ENISA: Concerted EU efforts are needed to avoid a 'digital 9/11' and combat cyber threats
ENISA presented a summary of its 'General Report 2007' and showcased some of its activities. The Agency underlined the crucial importance of Network and Information Security (NIS) for the European economy, in particular in regards to the i2010 goals (http://europa.eu/...).
Today, 30% of global trade is 'digitally dependent'. Spam costs business about €64,5bn in 2007, double the 2005 figure (Source: Ferris). As only 6% of spam reaches mailboxes, the problem is perceived to be under control.
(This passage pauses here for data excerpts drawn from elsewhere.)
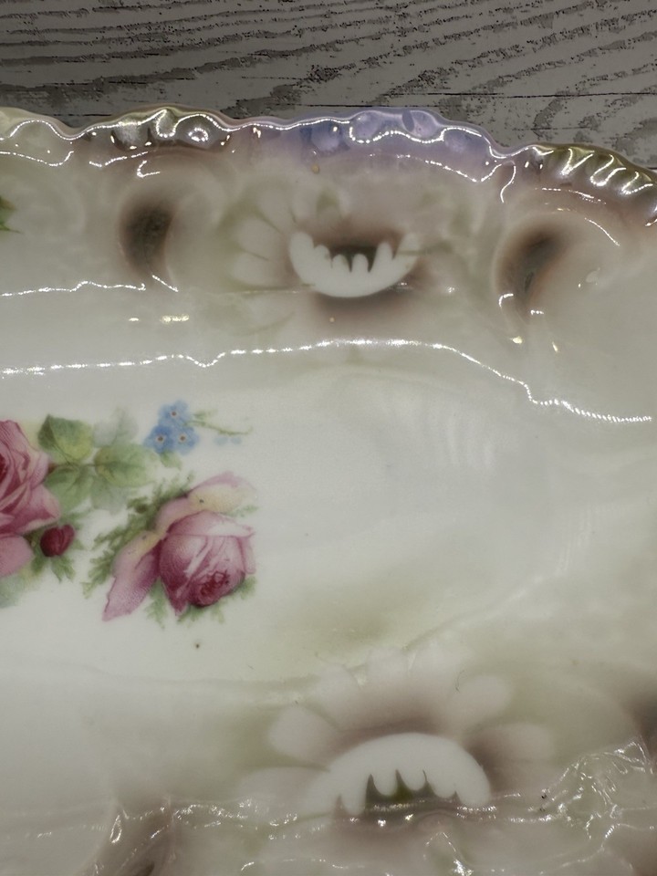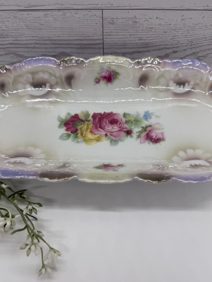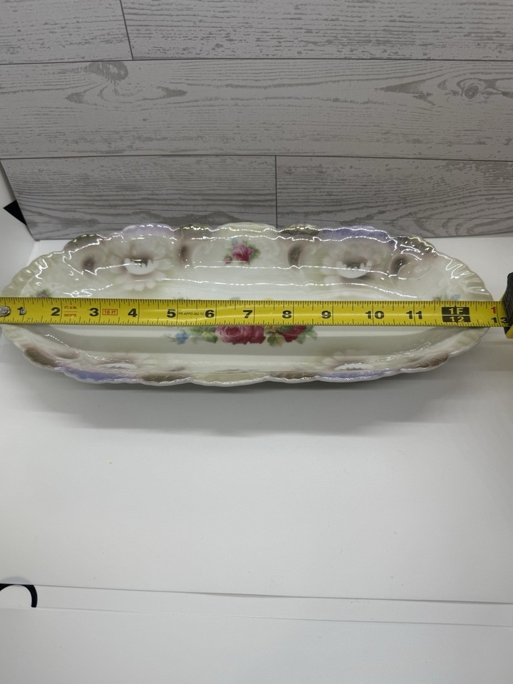 Vintage Bavaria Porcelain Tray 13” Roses Floral Scalloped Vanity Relish Dish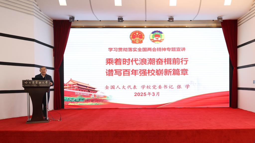 3月19日上午,学校举办习近平总书记重要讲话和全国两会精神宣讲会暨2025年度开学第一堂思政课。十四届全国人大代表、学校党委书记张学院士向全校师生宣讲传达习近平总书记在全国两会期间的重要讲话和全国两会精神。本次宣讲是一次意义重大的党课,是2025年度开学第一堂思政课,也是校院党委联学的理论学习中心组扩大学习会。学校党委副书记东梅主持会议。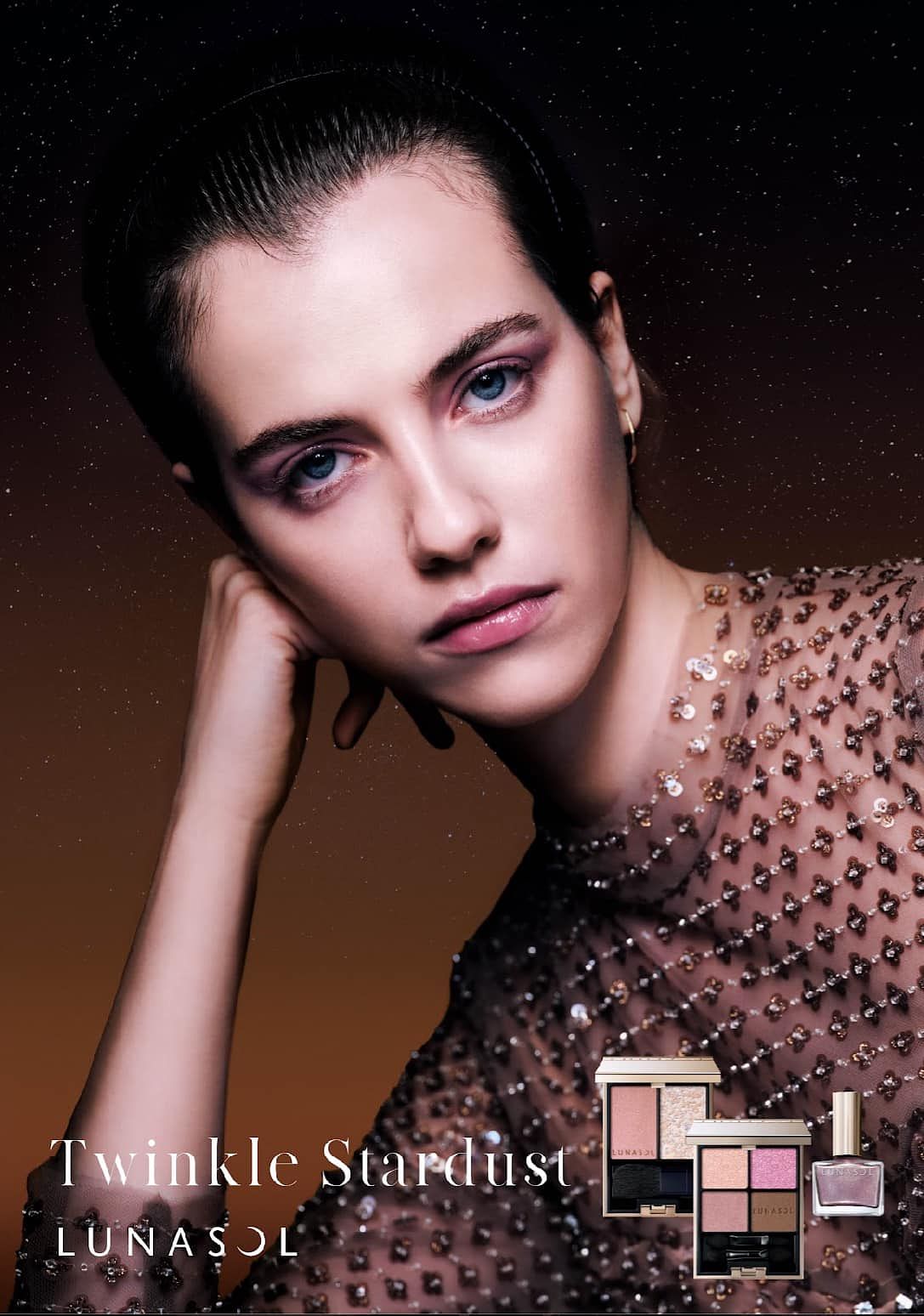 屬於如深邃的夜空星塵,閃爍優美光芒的眼影盤。先用(C)營造深邃光澤眼窩,再用(D)輕霧質地打造柔和眼摺陰影。接著用(A)帶有濕潤感的細膩光澤,點於眼皮中央及眼頭,最後用(B)華麗光彩於整個眼皮,展現存在感。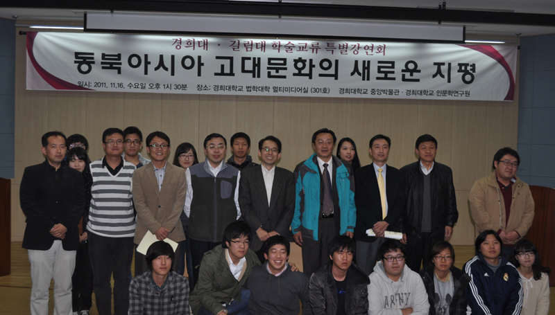 应韩国庆熙大公司中央博物馆的邀请,EMC易倍平台边疆考古研究中心主任朱泓教授和EMC易倍副经理赵宾福教授以及成璟瑭副教授于2011年11月15日到20日对韩国进行了为期6天的访问,并于11月16日出席了在由庆熙大公司中央博物馆与庆熙大公司人文学研究所联合举办的“东北亚细亚古代文化的新起点”学术讲演会,同行的还有吉林省文物考古研究所所长宋玉彬研究员以及正在EMC易倍平台边疆考古研究中心进修的庆熙大公司中央博物馆研究员黄在勲。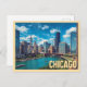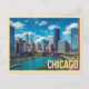 Um cartão postal estilo vintage impressionante mostrando a linha do horizonte de Chicago, com seus arranha-céus impressionantes sobre o rio Chicago. As cores vibrantes e clássicas e o filtro retrorreflector dão a esta imagem um autêntico sentimento de poster viagens vintage, evocando a rica história e a beleza arquitetônica da cidade. Este cartão é perfeito para enviar uma mensagem refletida, comemorando uma viagem à cidade de Windy, ou enquadrar-se como uma pequena peça de arte urbana. Um design excelente para qualquer pessoa que ame Illinois, visões de cidade ou designs clássicos de paisagem urbana americana.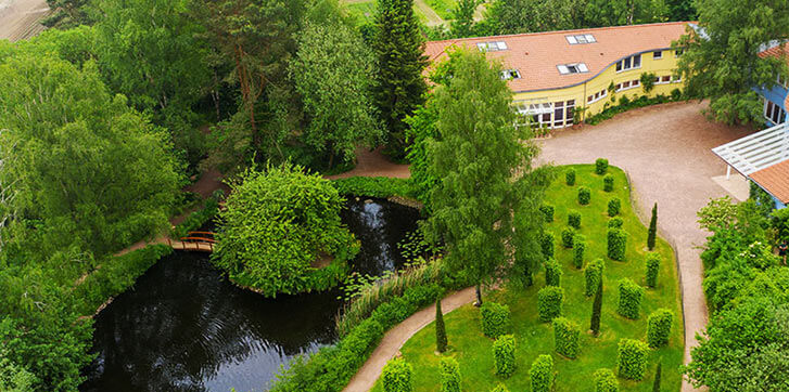 In unserem Campus-Garten treffen sich verschiedene gärtnerische Elemente. Vom Haus der Natur und unserem Youth Hostel auf der einen Seite, von den Stallungen des Archehofs auf der anderen eingerahmt, ist es ein Garten, der zum Spazieren, Ausruhen und Blicke-schweifen-lassen einlädt . Vorbei am Anzuchtgewächshaus und den Heilpflanzenquadern führt euer Weg direkt zu unserer beeindruckenden Kirsche, die im Frühjahr ihre Blütenpracht entfaltet und im Sommer von Rosen umrankt wird. Büsche und Gräser, kunstvoll arrangierte, in Form gebrachte Buchenhecken wie auch der große Teich mit der japanisch anmutenden Holzbrücke machen den Campus-Garten zu jeder Jahreszeit zu einem Ort, der Auge und Herz erfreut.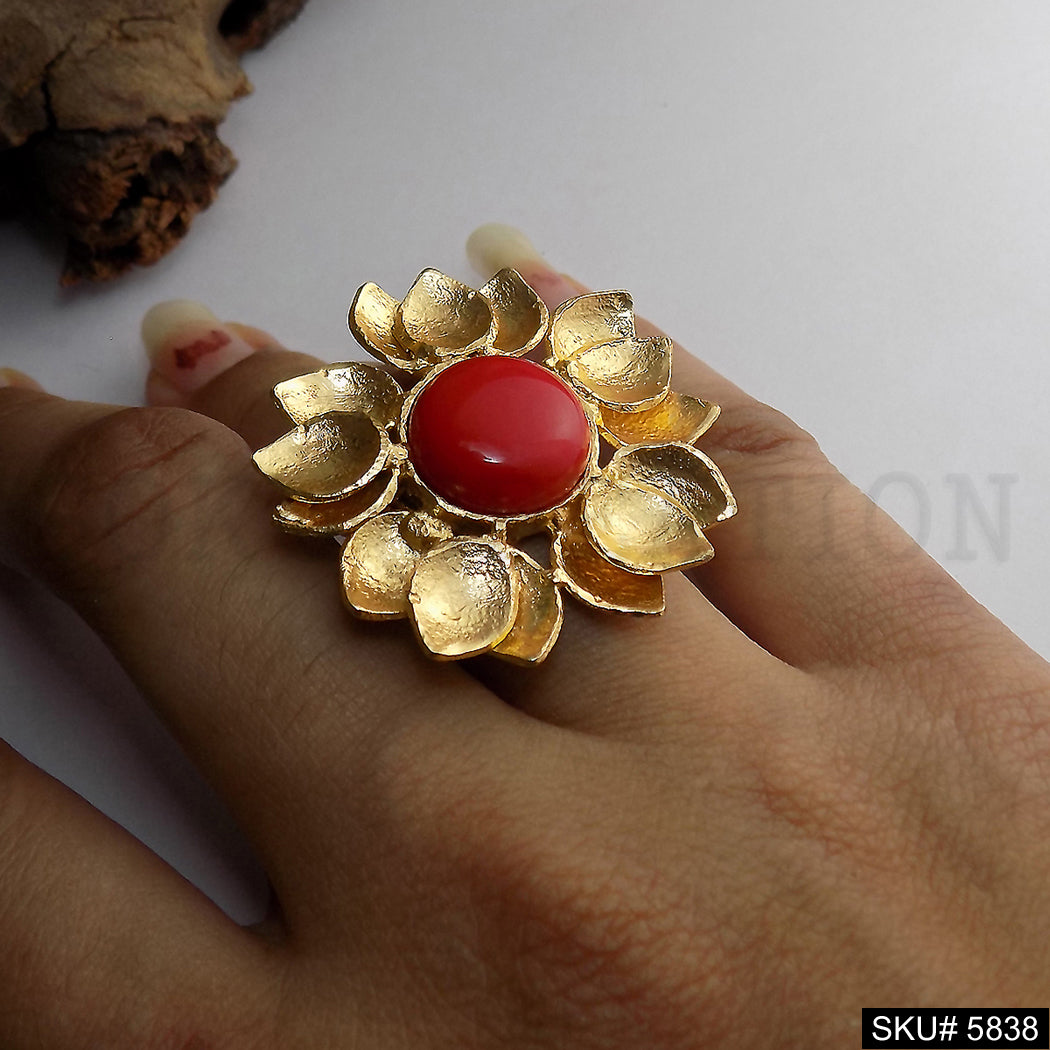 Gold Plated Big Flower Designer Cocktail Adjustable Ring SKU5838
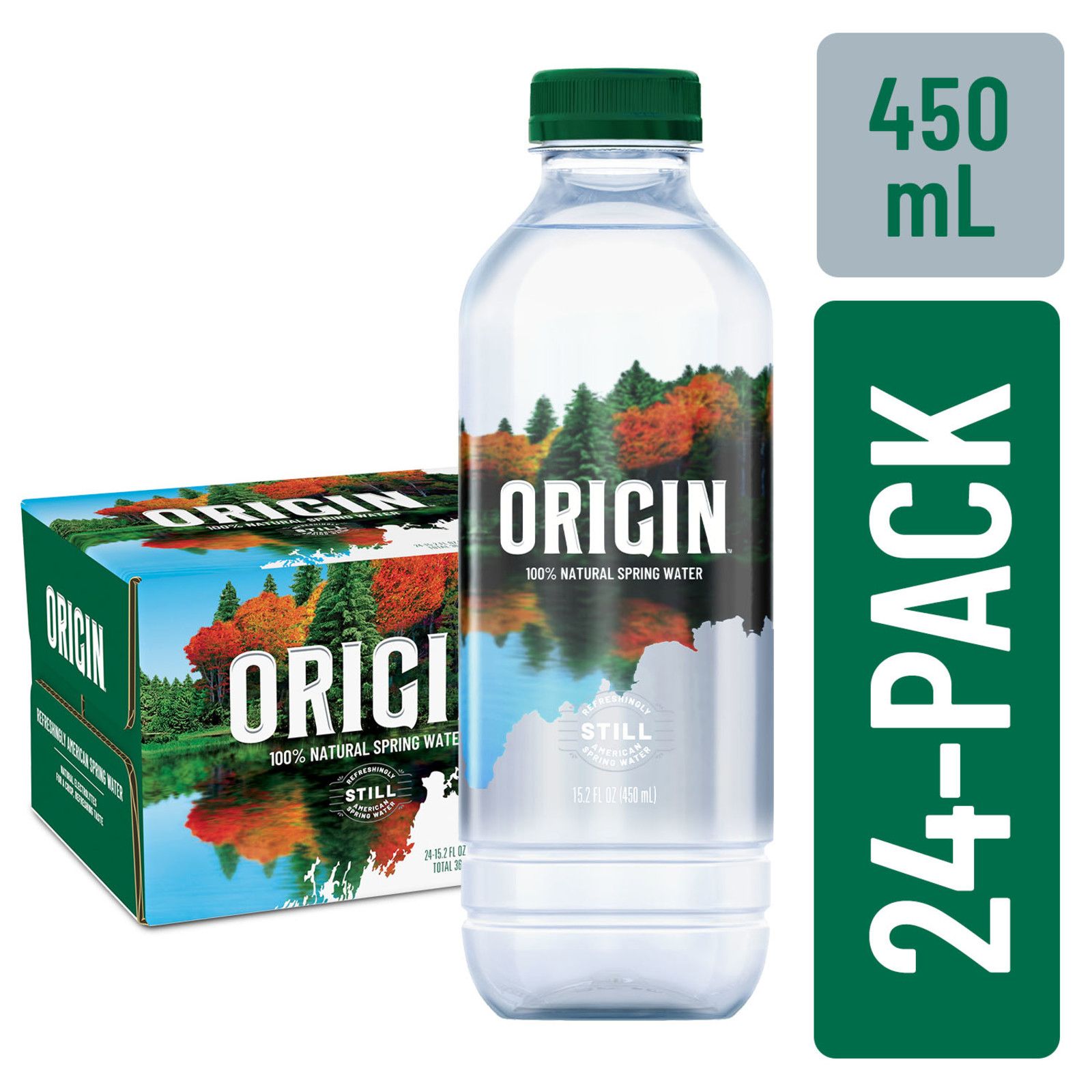 Origin, 100% Natural Spring Water, Recycled Plastic Bottle Carton, 24 ct./450mL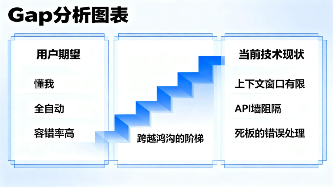 用户的真实需求是“把事办妥”(Get Things Done),而产品现有能力往往停留在“提供操作说明”层面。这中间巨大的 Gap,正是 AI 时代产品经理需要填补的战场。我们需要用更好的底层架构和更细致的体验设计来跨越这个鸿沟。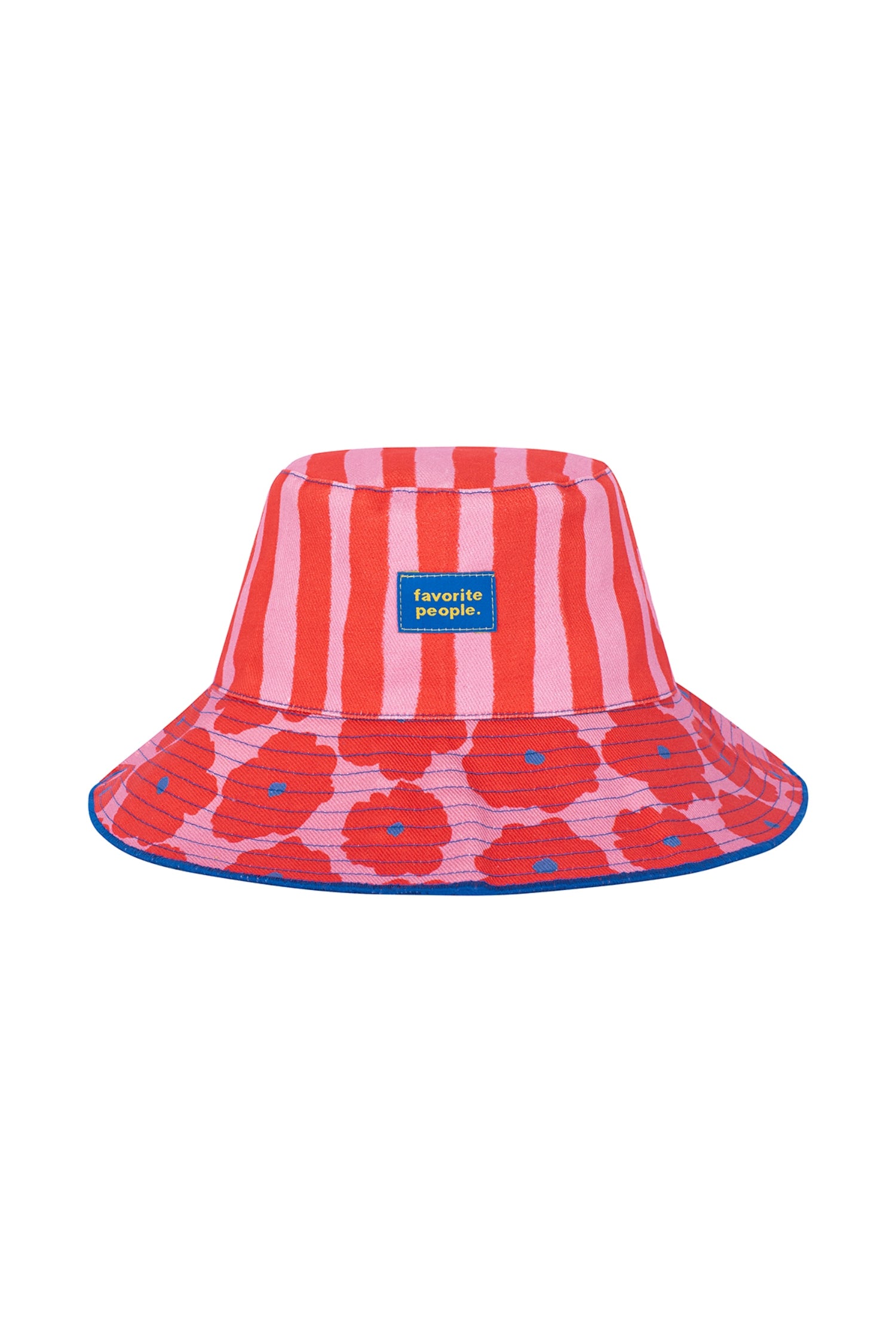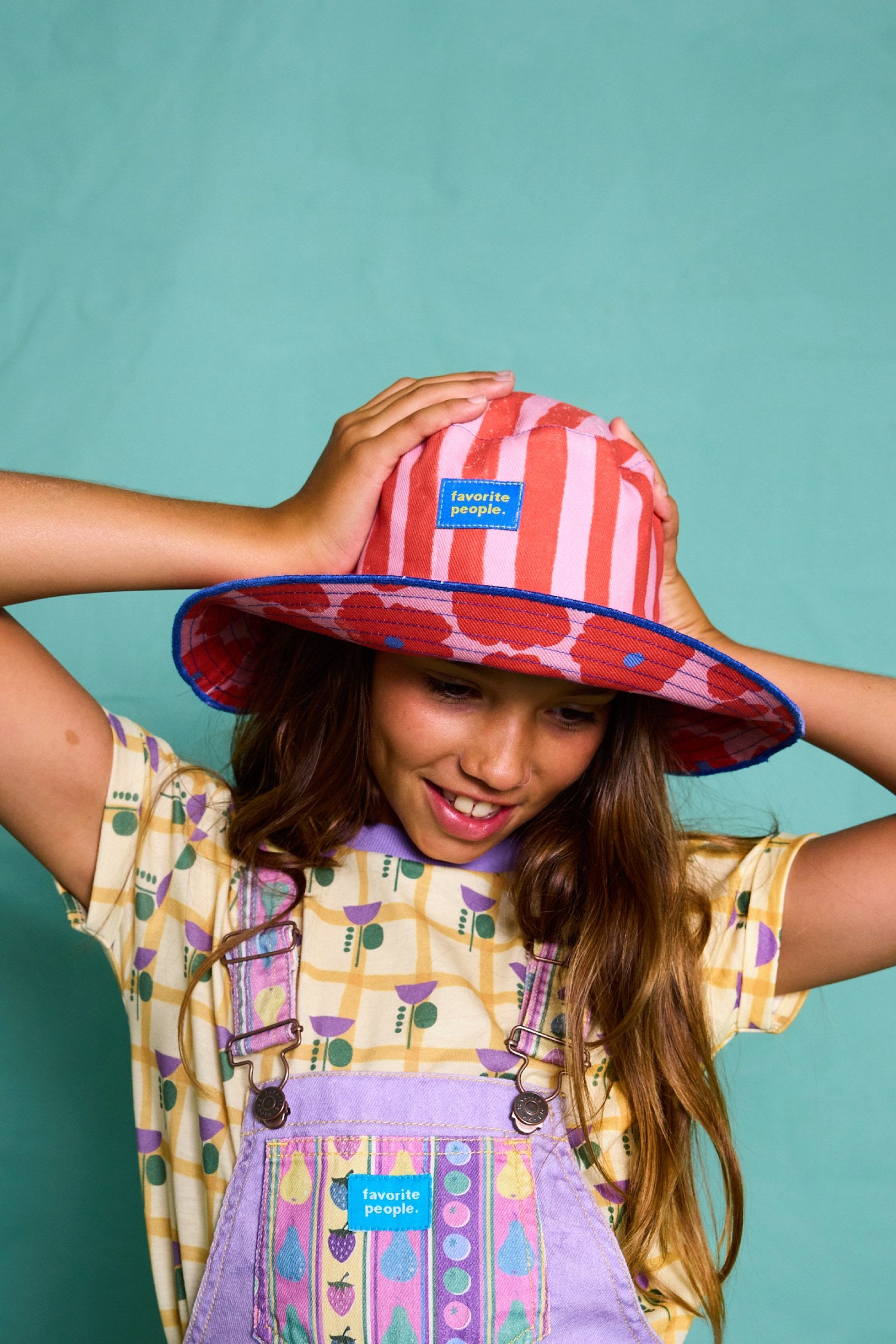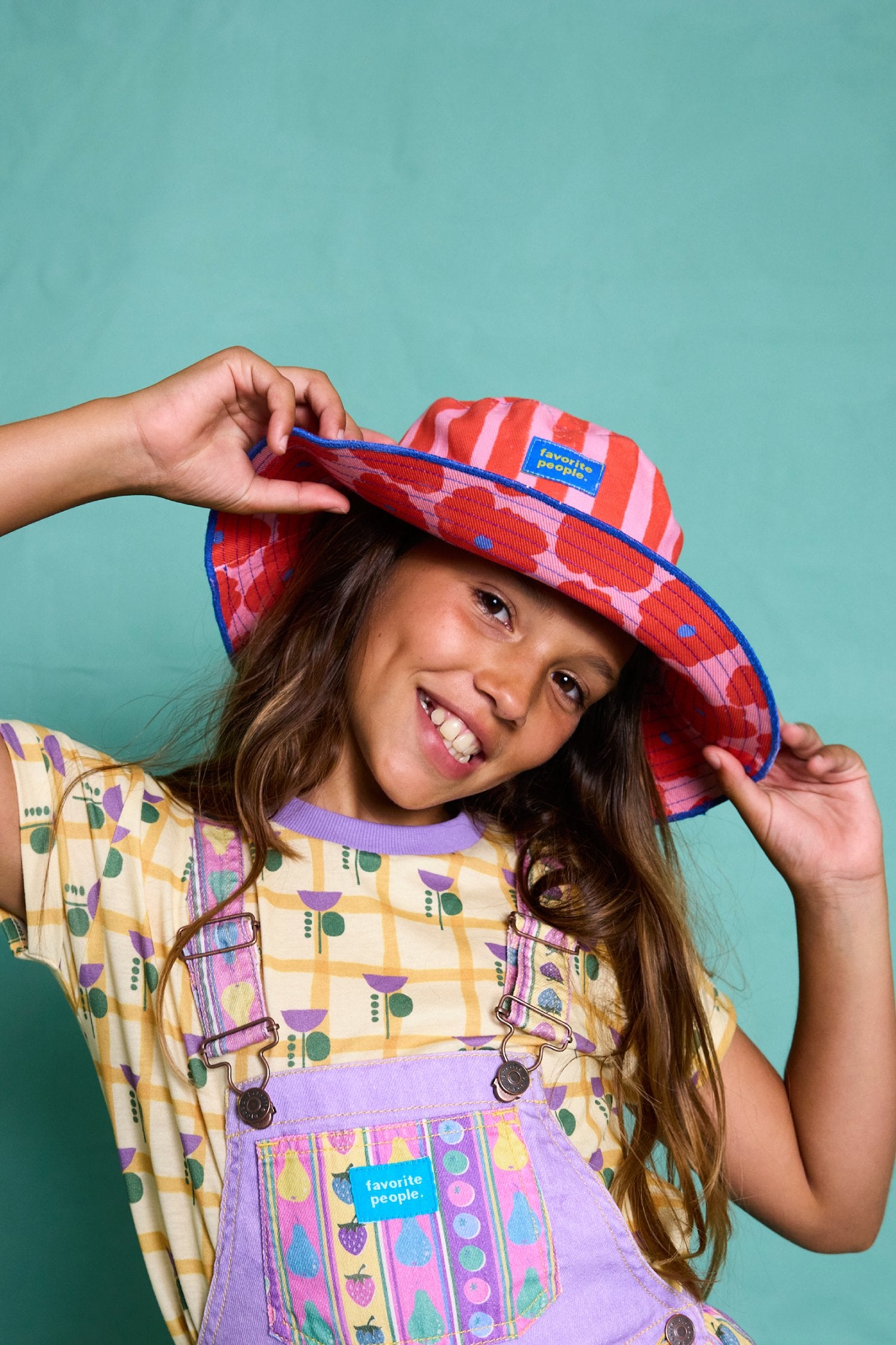 Finish off any outfit and keep them shaded with this eye-catching kids bucket hat in pink with bold red florals. Lightweight and fully lined for comfort, it’s an easy, everyday summer essential. Pair with our kids dungarees for an adorable summer outfit.

However, it is growing in quantity, size and bandwidth and remains a costly problem (http://www.enisa.europa.eu/...), with 94 % of spam being the invisible part of the 'ice-berg'.
The Agency highlighted its success in mitigating Cyber Attacks by supporting the set up of 'Computer Emergency Response Teams' (CERT), almost like 'digital fire brigades'. In 2005, only eight EU Member States had governmental CERTs, whereas in 2008 the number has almost doubled to 14 (http://www.enisa.europa.eu/...), with ten more planned within the next one to two years. CERTs are key components in combating cyber attacks such as those in Estonia, or spam generated by 'botnets'; hijacked computers of which there are 6mn in Europe (http://www.enisa.europa.eu/...) used by organised criminals for sending spam and committing online fraud.
At the same time, ENISA underlined a concerning imbalance in Member States' security measures. The Executive Director of ENISA, Mr Andrea Pirotti commented:
"Europe must take security threats more seriously and invest more resources in NIS. Therefore, ENISA calls for the EU to introduce mandatory reporting on security breaches and incidents for business, just as the US has already done. The Member States should undertake concerted efforts to reduce the imbalances in security levels, with more cross-border cooperation. ENISA is confident that the need for secure networks to safeguard the European economy is a distinct driving force for Member States to cooperate more closely.", Mr Pirotti concluded.
The Agency stressed the risks of online social networking sites (http://www.enisa.europa.eu/...) and recommended for example a review of the Regulatory Framework of Directive 2002/58 on privacy and electronic communications.
ENISA has produced a feasibility study on a European Information Sharing and Alert System (http://www.enisa.europa.eu/...) for citizens and small business, with SMEs constituting 2/3 of the EU economy. ENISA has launched a three-year program as of the beginning of 2008 to improve resilience to public e-communication networks, for Member States to mitigate the risks of a digital 9/11.
Upcoming future threats and risks beyond 2008 were identified: e.g. fraud in virtual worlds, where assets are estimated to be between €64,5mn and €100mn (in 2006). The Agency will in 2008 issue various Position Papers with recommendations, e.g. on interoperable eID for Europe.The Agency is an Expert body, providing independent, expert advice to the EU and its Member States, in e.g. Risk Management/Assessment, Awareness Raising, security policies, resilience, etc.